I never claimed you should use a modulus operation.
You said,

> It's unclear to me why the focus on a 2^n sized buffer just so you can use & for the mask.

In fact it is required for correctness to use the approach he specified with any choice of masking operation.

Any choice?

He only ever calls mask() after an increment. There are other ways of detecting the overflow and wrap to 0 that don't involve modulus.

Yes, any choice. Yes, that's not the case if you change the implementation in other ways in tandem - but then you are describing a different implementation. To mask where he does, any choice of mask will exhibit this problem (or other problems), mathematically. I can produce a proof if you need it.

> He only ever calls mask() after an increment.

I think you misunderstand what he's talking about. He calls mask at insert and lookup and he does not store the masked value - which leaves the implementation vulnerable to overflow (which is not a problem iff the array is 2^n big).

That said, one of the comments on the blog actually had a great suggestion for dealing with this. Wrap the value yourself at 2*capacity, you'll still get the same benefits from the algorithm and it's trivial to prevent the overflow then. You can then avoid the modulo operation (subtract the capacity if it's a larger index) and get better performing non-power of 2 capacities.

That said I'd mostly be using this kind of thing in a situation where i'd want to have a power of two sized buffer anyway.

A ha! That is the point I was missing. Thanks.
Array size of 5 produces a mask of 0100

Write index of 8 = 1000

Masking those together to create a write position 1000 & 0100 = 0

Doesn't work out correctly, got 0, would expect to get 2. In fact, you could never get a write position of 1, 2, or 3 with an array size of 5.

This is not the problem.

You are assuming still using &, which is very obviously incorrect with a very obvious fix (%5) which is still wrong because of behavior at overflow.

I'm answering the specific problem posed by the OP, given his other comments in this thread.

[EDIT] Resolved internal concerns about size calculations.

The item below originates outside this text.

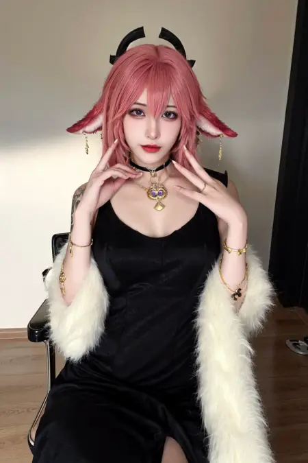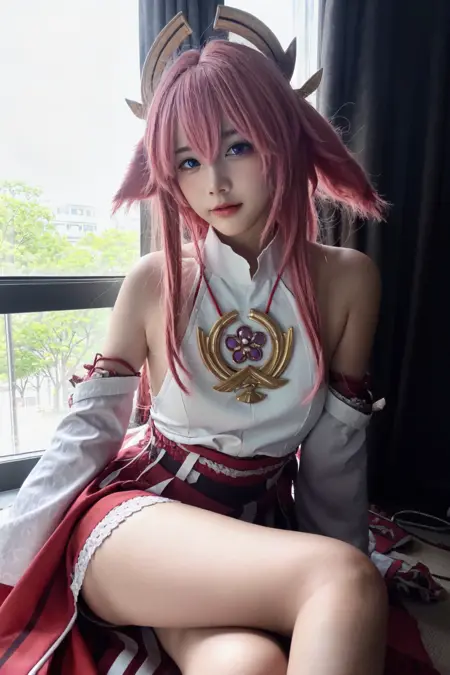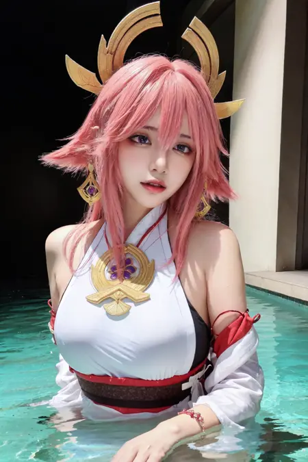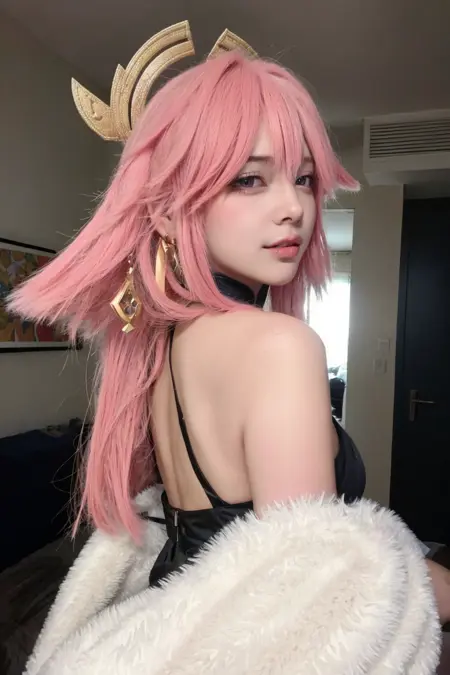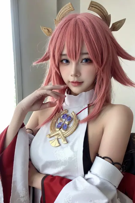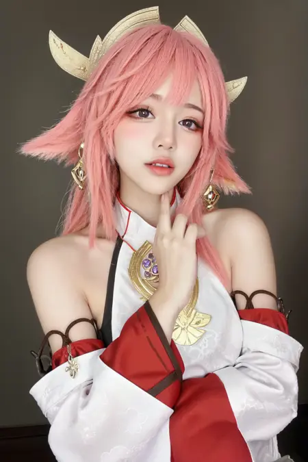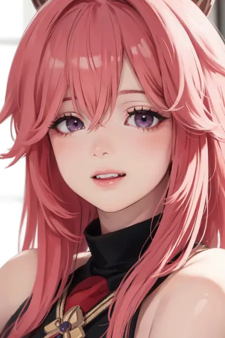 yae miko,1girl,pink hair,solo,long hair,purple eyes,looking at viewer,animal ears,bangs,jewelry,fox ears,hair between eyes,earrings,hair ornament,

You might have misread the OP. He's not asking why using & for the mask requires a 2^n sized buffer. He's asking why bother using & when it imposes these additional constraints on us. A part of the answer is that the constraints are already there with this approach, even if you pick a different function for masking than f(i,n) = i & (n - 1) -- which point OP only recently understood due to a misreading of the article.
This is not only an optimisation. Power of 2 is necessary to avoid discontinuity. See the comments below the article for explanation.